### The task
Output every record word for word, minus the pictures.

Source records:
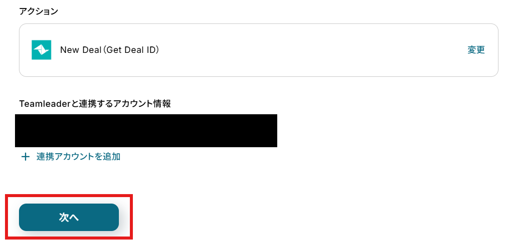 「Teamleaderと連携するアカウント情報」を確認し、「次へ」をクリックして進んでください。
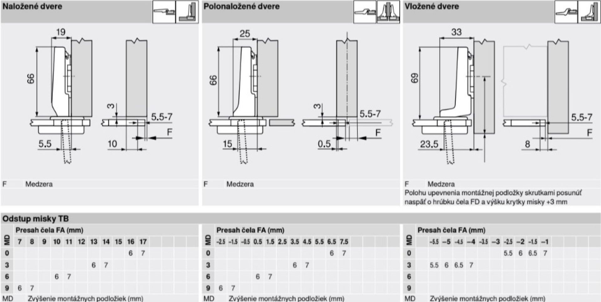 Typ závesu: Polonaložený, Pre sklenené dvere
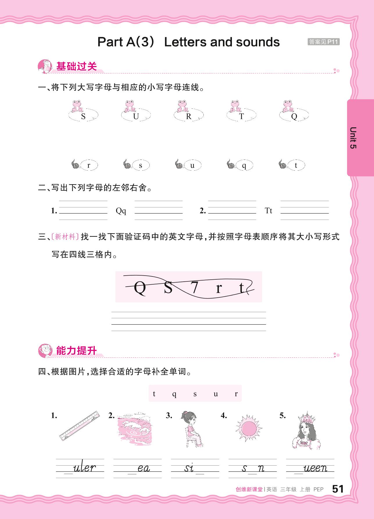 2024秋上册三年级英语人教PEP版(三起始) Unit 5—Part A(3) Letters and sounds
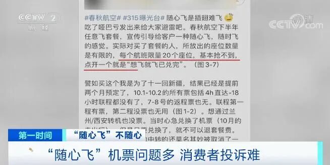 如此“优惠”,可想而知“随心飞”产品有多火爆,上线不到两周售出10万套,甚至出现黄牛高价倒卖的情况。 东方航空开了好头后,其他航空公司纷纷跟进,热闹非凡。 但天上不会掉馅饼,人们发现,“随心飞”并不随心,甚至还很闹心。 比如规定,必须在出发前5日以上订票;航班大部分是中转航班;还有消费者反映,请求退订,打了20多个电话都打不通。
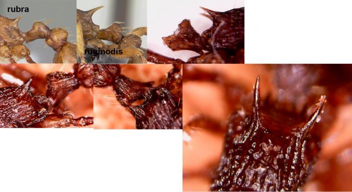 Тут мы видим, что впадины вокруг усиков, несколько более выражены у ругинодисов чем у рубры.
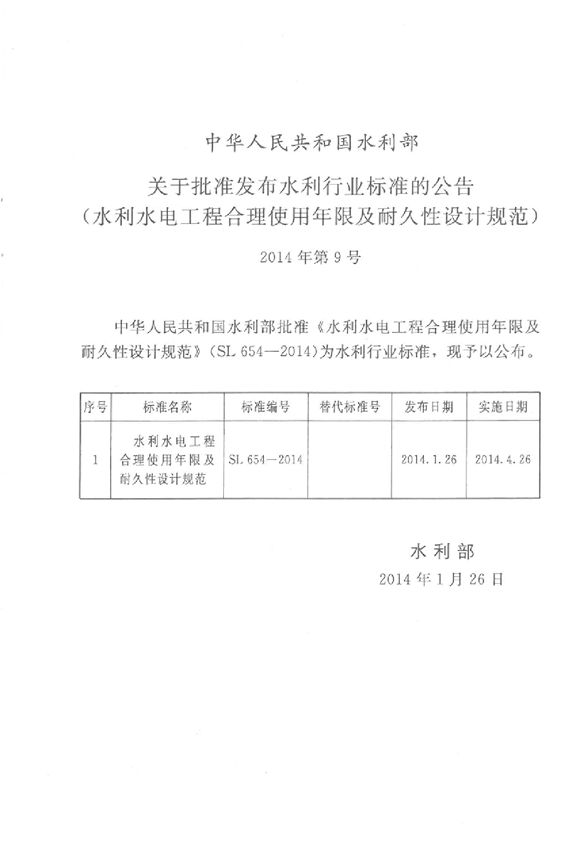 SL 654-2014 水利水电工程合理使用年限及耐久设计规范

### Task output
 「Teamleaderと連携するアカウント情報」を確認し、「次へ」をクリックして進んでください。
 Typ závesu: Polonaložený, Pre sklenené dvere
 2024秋上册三年级英语人教PEP版(三起始) Unit 5—Part A(3) Letters and sounds
 如此“优惠”,可想而知“随心飞”产品有多火爆,上线不到两周售出10万套,甚至出现黄牛高价倒卖的情况。 东方航空开了好头后,其他航空公司纷纷跟进,热闹非凡。 但天上不会掉馅饼,人们发现,“随心飞”并不随心,甚至还很闹心。 比如规定,必须在出发前5日以上订票;航班大部分是中转航班;还有消费者反映,请求退订,打了20多个电话都打不通。
 Тут мы видим, что впадины вокруг усиков, несколько более выражены у ругинодисов чем у рубры.
 SL 654-2014 水利水电工程合理使用年限及耐久设计规范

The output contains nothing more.